Q: What is sclerotherapy?
A: Sclerotherapy is the injection of small amounts of dilute detergent solution into visible veins to cause inflammation in the vein wall. The patient then wears compression stockings for several days. The walls of the vein scar together and the vein is no longer visible. It may take 3-6 months for the veins to fade. Surface sclerotherapy treats only visible veins. It is usually not covered by medical insurance, as it is a cosmetic procedure.

Q: What type of results can I expect?
A: Most veins will lighten and/or disappear. Upon the first treatment 70%-75% will fade or disappear. Sclerotherapy DOES NOT yield perfect results. Improvement usually occurs, but perfection is rarely achieved. As long as you expect improvement and not perfection, you should be satisfied. Full results will not been seen for 8-12 weeks.

Q: Are results usually permanent?
A: The effect on the veins treated usually lasts in the majority of cases. However, new veins can develop over time. Sclerotherapy treats the problem at this time. It does not prevent new veins from showing up in other areas.

Q: What are the side effects of sclerotherapy?
A: Certain side effects may be experienced after sclerotherapy. Larger injected varicose veins may become lumpy and hard for several months before resolving. Raised red areas may appear at the injection sites and should disappear within a few days. Brown lines or a spot (hyper pigmentation) on the skin may be noted at the site of injection, possibly caused by a form of iron that escapes from the injected veins. In most cases, they disappear within 3-6 months, but can be permanent about 5 percent of the time. Bruising may occur around the injection site and can last several days or weeks. Your legs will look worse before they look better.

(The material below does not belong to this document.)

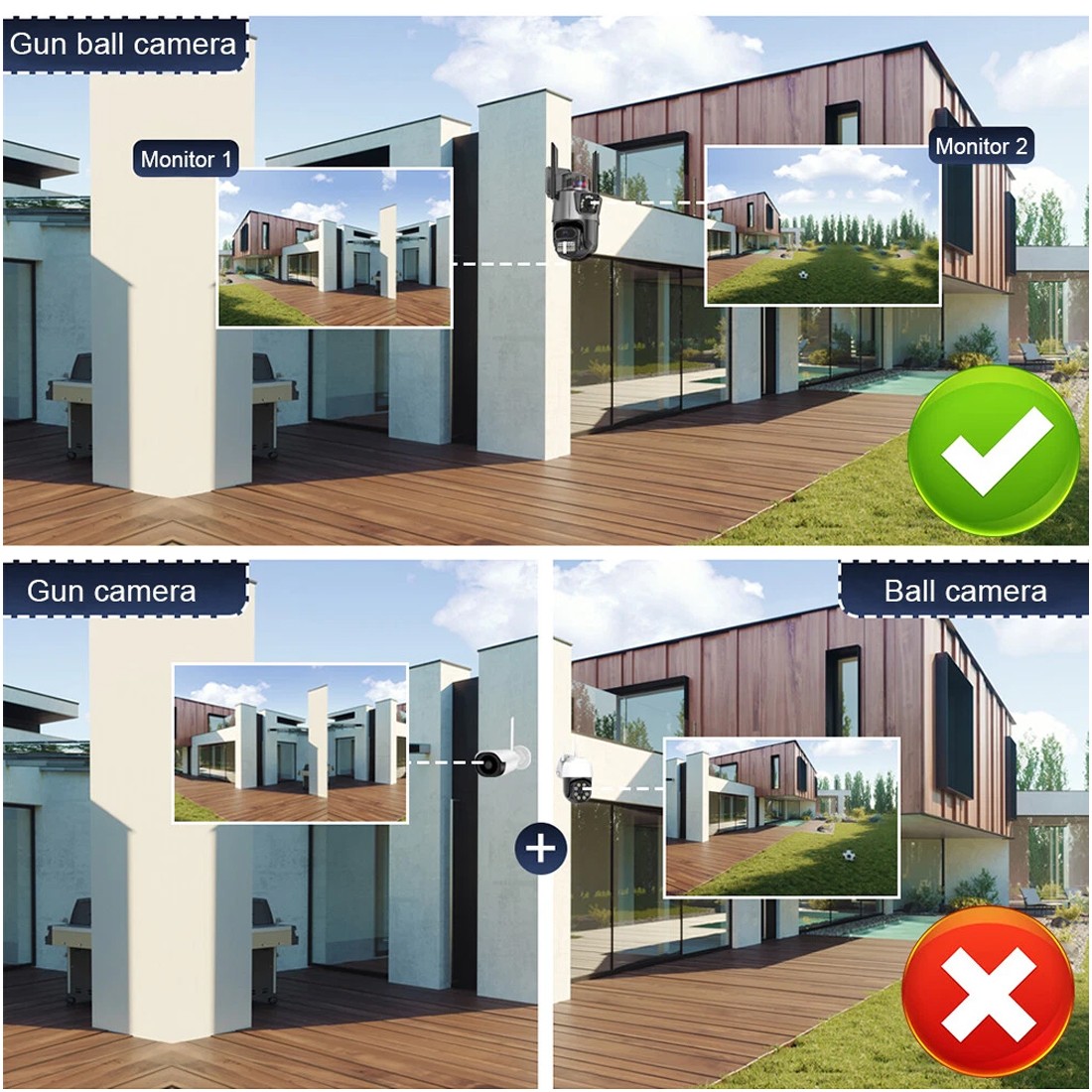 -- Model: dual-camera gun + dome linkage

Q: How many treatments are needed?
A: We will give you an estimate of the number of sessions needed to obtain your goal. Occasionally areas may need additional re-treatment or “touch ups”.

Q: Do I have to elevate my legs after the procedure, and if so, for how long?
A: First, we encourage all patients to walk as much as possible after the procedure. However, while you are resting or if you plan to be stationary for an extended period of time, elevating your legs is important to help reduce swelling and prevent any remaining blood from pooling in the treated vein. If you are going to be sitting for a while, your legs should be elevated as much as possible for the first week after the procedure. You do not have to sleep with your legs elevated.

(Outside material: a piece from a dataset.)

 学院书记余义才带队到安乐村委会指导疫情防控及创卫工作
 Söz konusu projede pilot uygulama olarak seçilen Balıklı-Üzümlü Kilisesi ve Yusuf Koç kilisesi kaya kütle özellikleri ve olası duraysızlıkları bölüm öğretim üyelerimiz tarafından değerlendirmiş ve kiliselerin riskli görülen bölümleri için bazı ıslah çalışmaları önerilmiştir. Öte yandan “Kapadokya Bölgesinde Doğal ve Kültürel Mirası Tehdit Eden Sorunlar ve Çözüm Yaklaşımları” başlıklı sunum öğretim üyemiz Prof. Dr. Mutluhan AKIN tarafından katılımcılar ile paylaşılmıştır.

Q: How long do I have to wear compression stockings after the procedure?
A: Compression stockings are essential to a successful recovery and prevent adverse side effects after surgery. You must wear compression stockings for the first 24 hours after the procedure. After that time, you should continue to wear them for the next 14 days at all times, except when sleeping.

Q: Will my insurance cover sclerotherapy?
A: Typically treatment of spider veins and reticular veins (green veins) are considered a cosmetic treatment and therefore insurance companies WILL NOT cover the treatment. At the time of your consultation, The Doctor will determine if your vein treatment is cosmetic or medically necessary.